##### Data excerpt #####

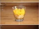 Añadimos el melocotón troceado y sobre este una buena capa de nata montada. Decoramos al gusto y ya tenemos nuestro triffle.
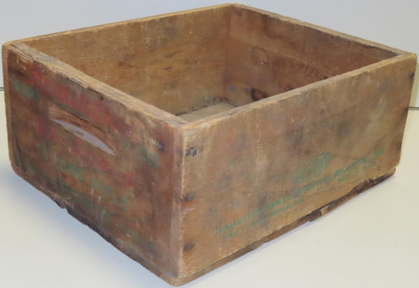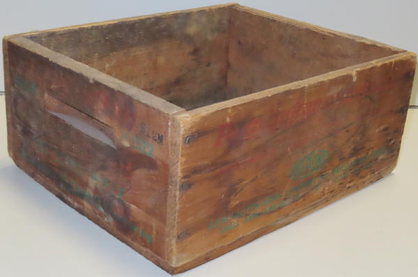 has some water damage and lettering is faint; decent bottom; 14"x12"x6"
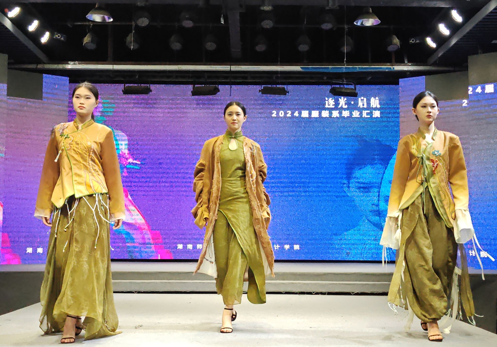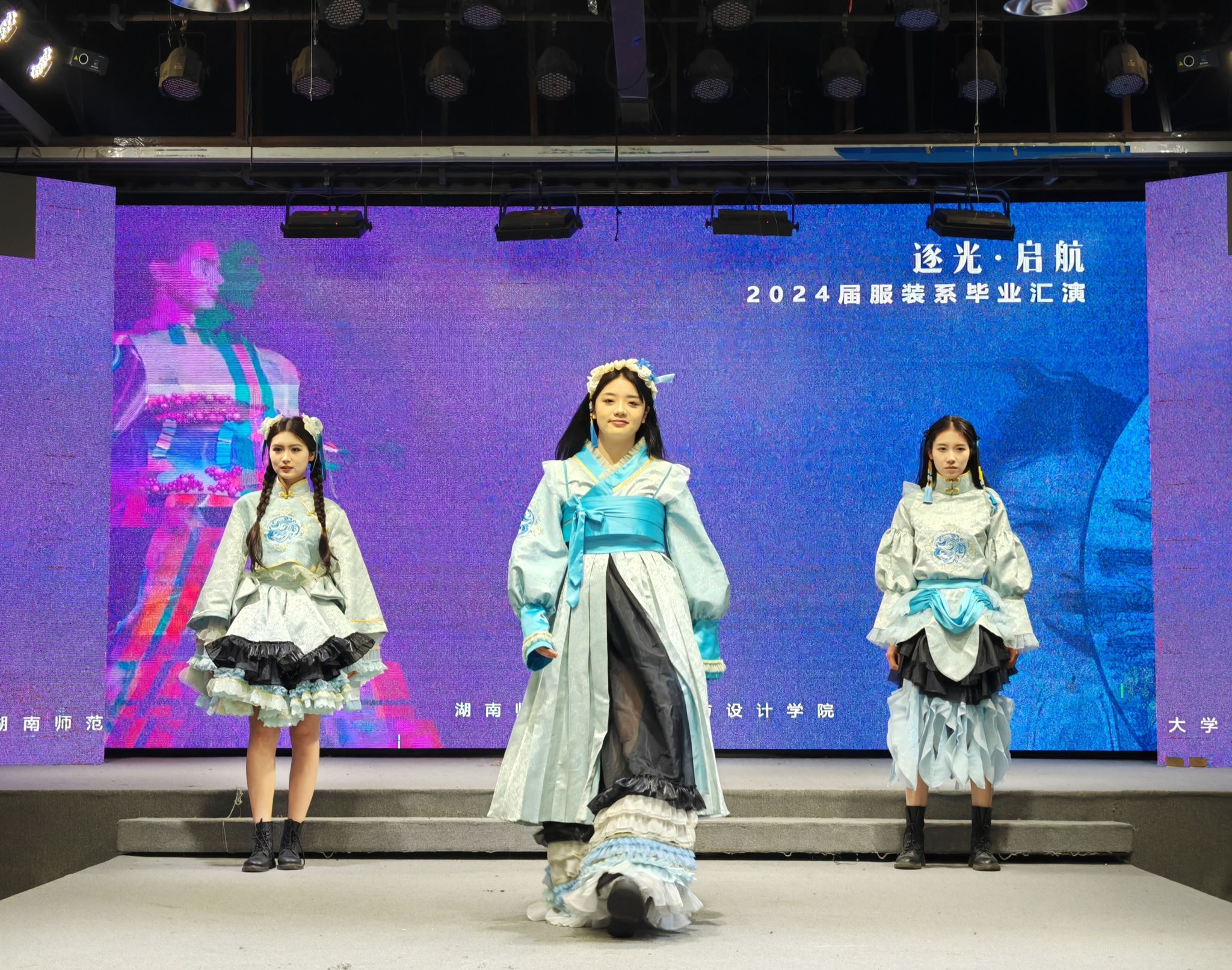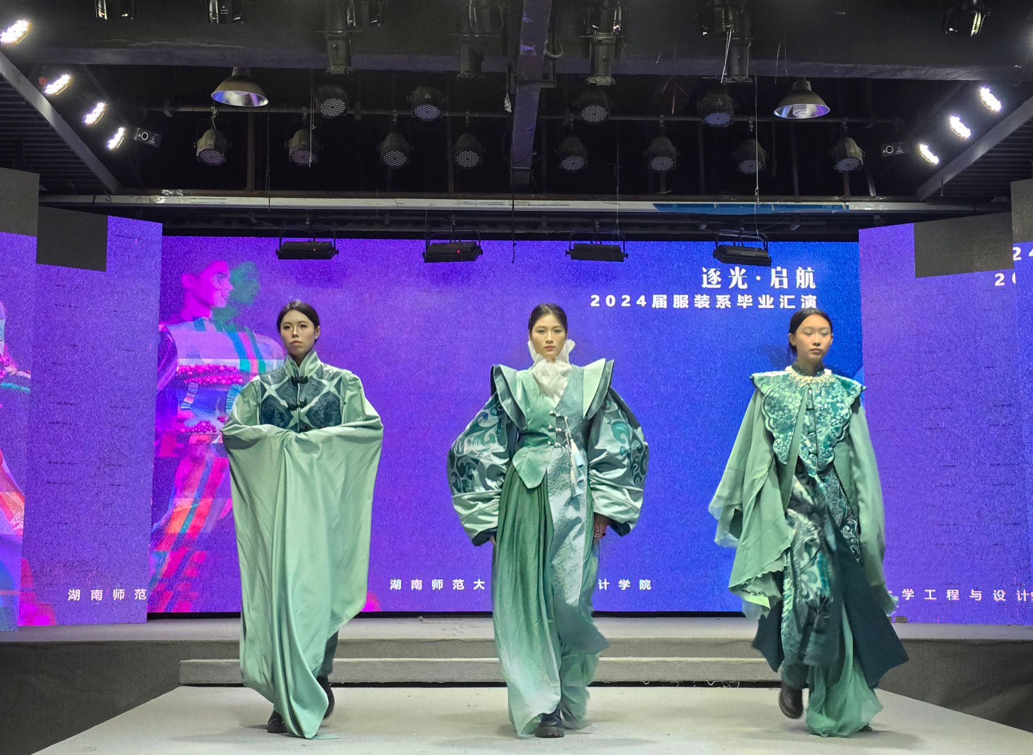 演出当晚,表演厅内座无虚席,霓虹闪烁,气氛热烈而庄重。毕业汇演以“逐光·起航”为主题,舞台上2024届服装与服饰设计和服装表演两个专业的毕业生们身着自己设计的服装,以T台展演、短视频等形式逐一亮相,展现了他们的专业才能和独特创意,每一件作品都充满了时尚元素和艺术气息,赢得了在场观众的阵阵掌声和喝彩。

#####

## [Aim of the exercise]
The required output is the lines from the one containing "has some water" through the end of the data, printed exactly, with no pictures.

## [Solved problem]
 has some water damage and lettering is faint; decent bottom; 14"x12"x6"
 演出当晚,表演厅内座无虚席,霓虹闪烁,气氛热烈而庄重。毕业汇演以“逐光·起航”为主题,舞台上2024届服装与服饰设计和服装表演两个专业的毕业生们身着自己设计的服装,以T台展演、短视频等形式逐一亮相,展现了他们的专业才能和独特创意,每一件作品都充满了时尚元素和艺术气息,赢得了在场观众的阵阵掌声和喝彩。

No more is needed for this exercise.